Material for the task.
┌──

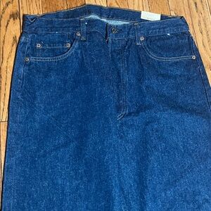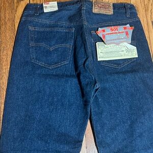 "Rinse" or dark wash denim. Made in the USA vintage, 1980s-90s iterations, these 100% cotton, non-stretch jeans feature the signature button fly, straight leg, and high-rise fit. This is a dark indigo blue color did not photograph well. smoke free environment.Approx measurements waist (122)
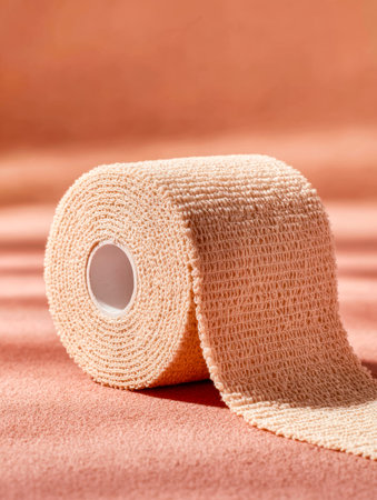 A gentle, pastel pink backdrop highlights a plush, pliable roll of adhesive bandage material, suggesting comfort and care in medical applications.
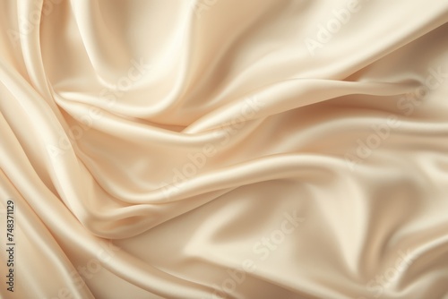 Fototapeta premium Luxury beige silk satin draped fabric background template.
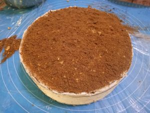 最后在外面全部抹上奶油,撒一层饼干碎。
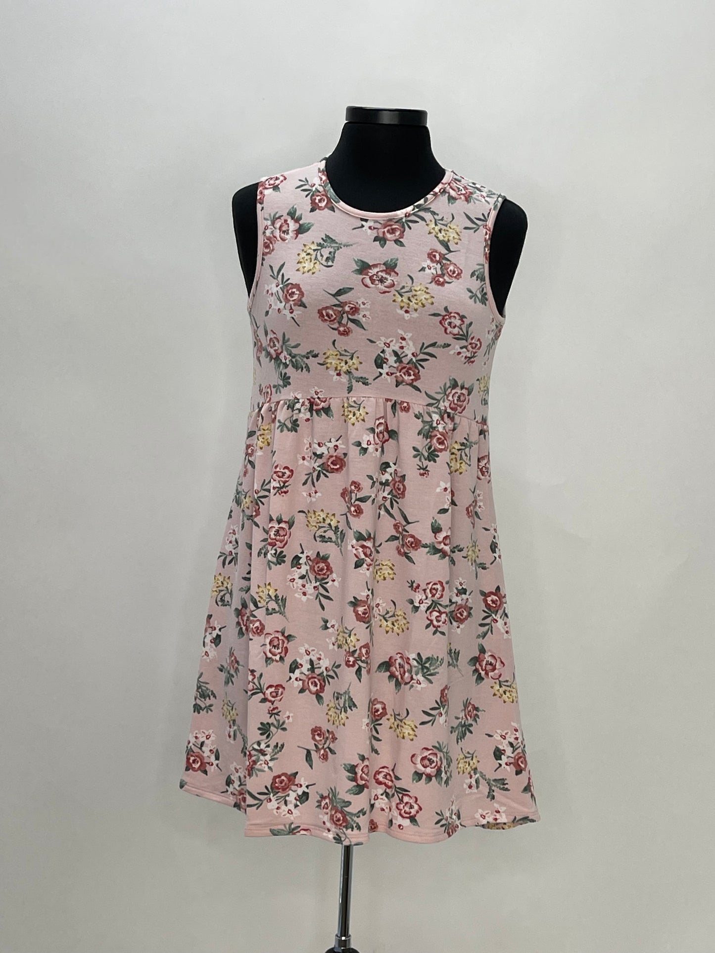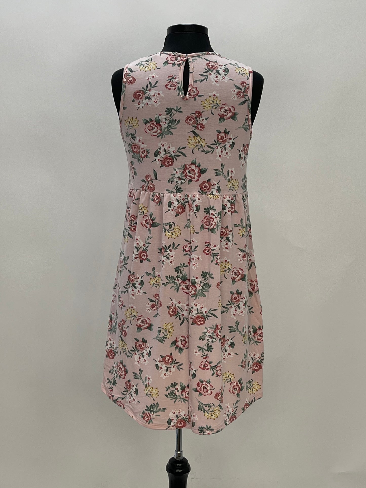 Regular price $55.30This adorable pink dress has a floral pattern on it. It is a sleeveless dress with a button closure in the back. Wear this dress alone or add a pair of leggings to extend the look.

└──
┌──

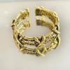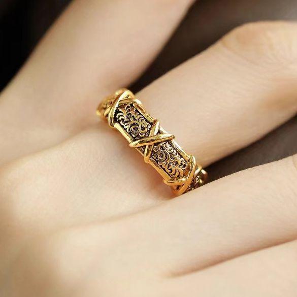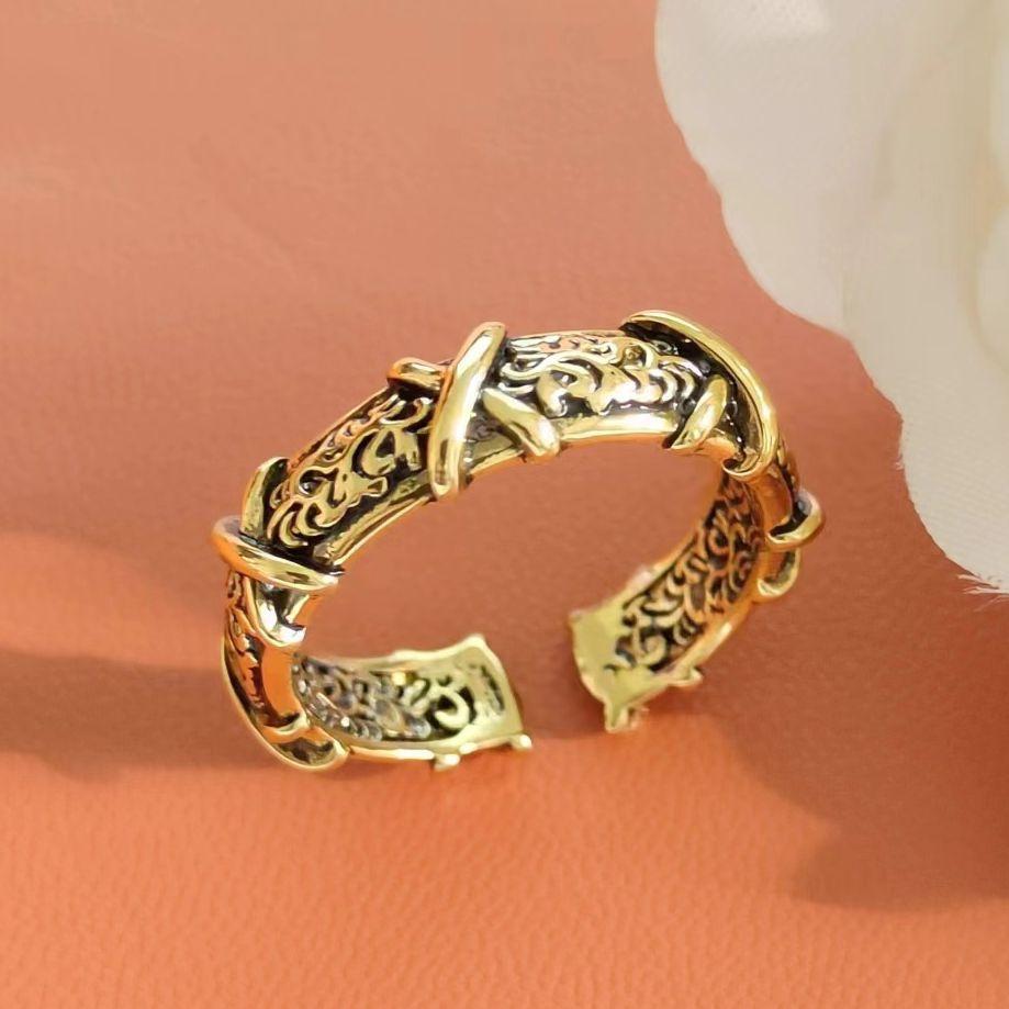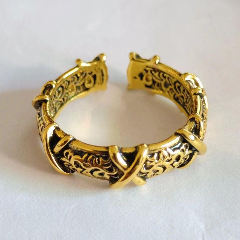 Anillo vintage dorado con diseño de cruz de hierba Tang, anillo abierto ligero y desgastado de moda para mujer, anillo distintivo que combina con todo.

└──
┌──

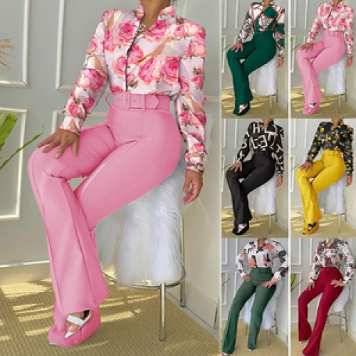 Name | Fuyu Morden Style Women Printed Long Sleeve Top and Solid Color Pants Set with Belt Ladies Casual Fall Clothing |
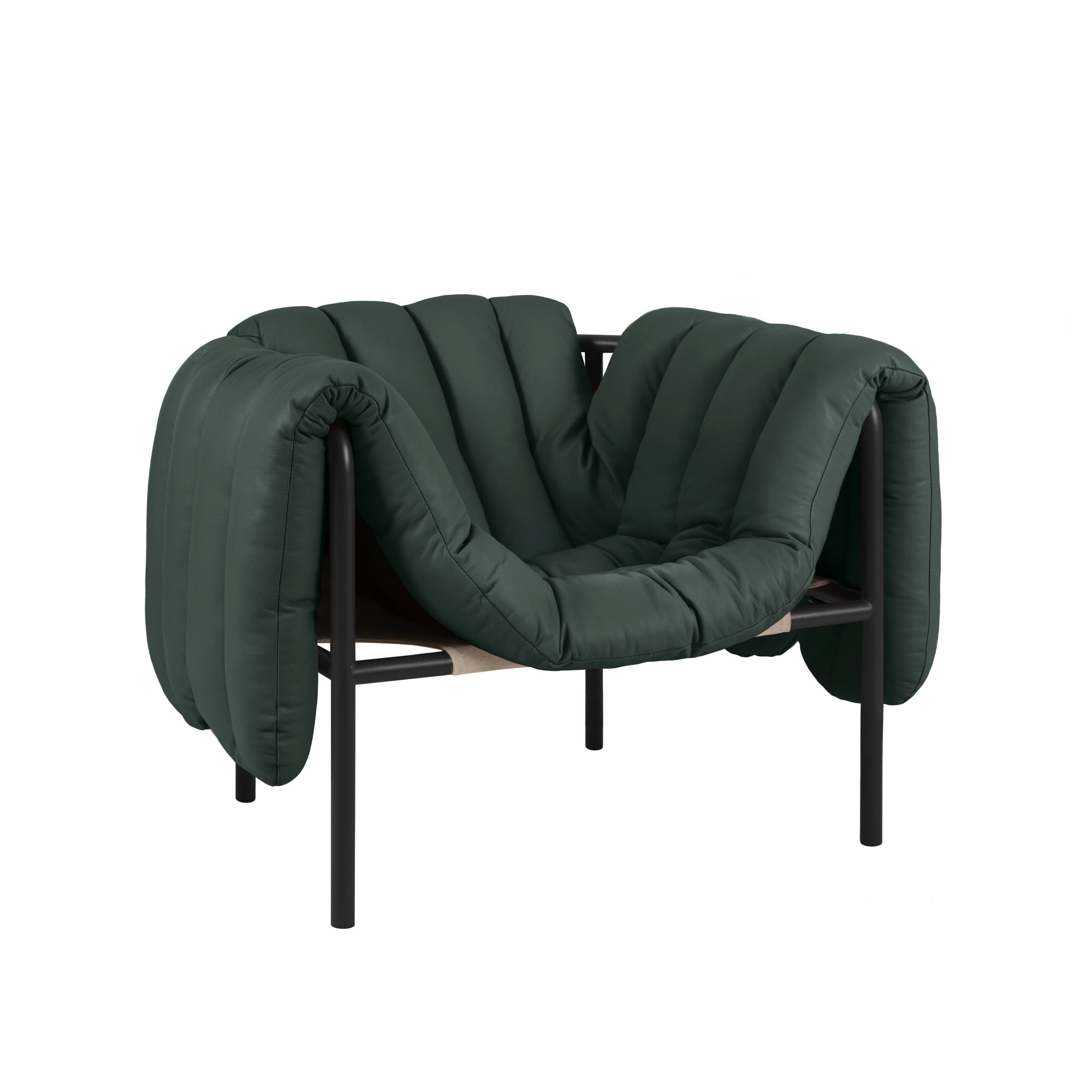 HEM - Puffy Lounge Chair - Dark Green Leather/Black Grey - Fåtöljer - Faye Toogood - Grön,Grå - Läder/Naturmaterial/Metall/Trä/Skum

└──

Exercise requirements. The line holding "measurements waist (122)" starts the copy and the line holding "Regular price $55.30This" ends it. Repeat those two lines above and all between them exactly, leaving out pictures.

Task response.
 "Rinse" or dark wash denim. Made in the USA vintage, 1980s-90s iterations, these 100% cotton, non-stretch jeans feature the signature button fly, straight leg, and high-rise fit. This is a dark indigo blue color did not photograph well. smoke free environment.Approx measurements waist (122)
 A gentle, pastel pink backdrop highlights a plush, pliable roll of adhesive bandage material, suggesting comfort and care in medical applications.
 Fototapeta premium Luxury beige silk satin draped fabric background template.
 最后在外面全部抹上奶油,撒一层饼干碎。
 Regular price $55.30This adorable pink dress has a floral pattern on it. It is a sleeveless dress with a button closure in the back. Wear this dress alone or add a pair of leggings to extend the look.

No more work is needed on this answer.